My friend, who was watching the movie with me, turned to me at this moment and said, “I hate people like this. This is gonna be a stressful watch.”
She was right. As the rest of the movie played out, I recalled viewing Uncut Gems and having a minor heart attack watching Adam Sandler’s character make increasingly dangerous gambling decisions. Tangerine‘s Sin-dee is a hurricane of a woman who is often the architect of her own misery. Nevertheless, her magnetism (or, perhaps, her personal low-pressure, high-speed storm system) draws people in, only to shred them, flinging them 90 miles from where they started. The personal conflicts Sin-dee engages in are brutal and cut to the bone, making many scenes intensely uncomfortable to watch. I don’t like her–most of all because I adore her best friend, Alexandra. Alexandra stands firm in the face of Sin-dee’s maelstrom until the climax of the film, and only in the final scene of the movie does the viewer understand why they’re best friends in the first place.

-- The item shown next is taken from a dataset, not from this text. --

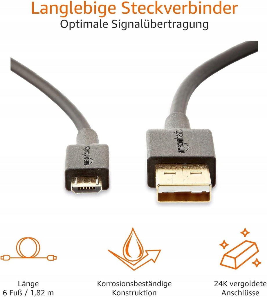 AmazonBasics kabel USB 1,8 m 2.0 USB A Micro-USB B Czarny
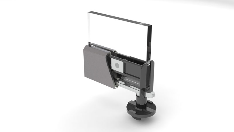 - แผ่นกระจกถูกยึดด้วยสกรูแบบปิดหัวทั้งด้านบนและด้านล่าง

That’s kinda the point of the movie, though. I don’t personally know any black, transgender sex workers from Los Angeles. By the end of Tangerine, however, I wanted to befriend one and have nothing to do with the second. Such are my feelings towards people in my neighborhood–I’d drop everything to help some while rolling my eyes at others. Finding so much common ground with people I don’t normally associate makes Tangerine essential viewing.
I wouldn’t call my viewing experience enjoyable, which harkens back to the age-old “art vs. entertainment” clash. This movie is important; its voice, invaluable; its style, groundbreaking. It also has plenty of laugh-out-loud moments (see Dinah’s name pronunciation above). The combative nature of Tangerine‘s main character hit me as abrasive, however, and was too much medicine for any amount of sugar to help.
That said, I suspect that both my friend and I have perspective bias. My midwestern upbringing (along with some fun family dynamics) make conflict uncomfortable to even watch, especially the cutting nature Sin-dee displays. If that doesn’t bother you, this movie will go down much easier. If it DOES bother you, don’t worry, because the movie’s under 90 minutes, so you won’t be cringing long.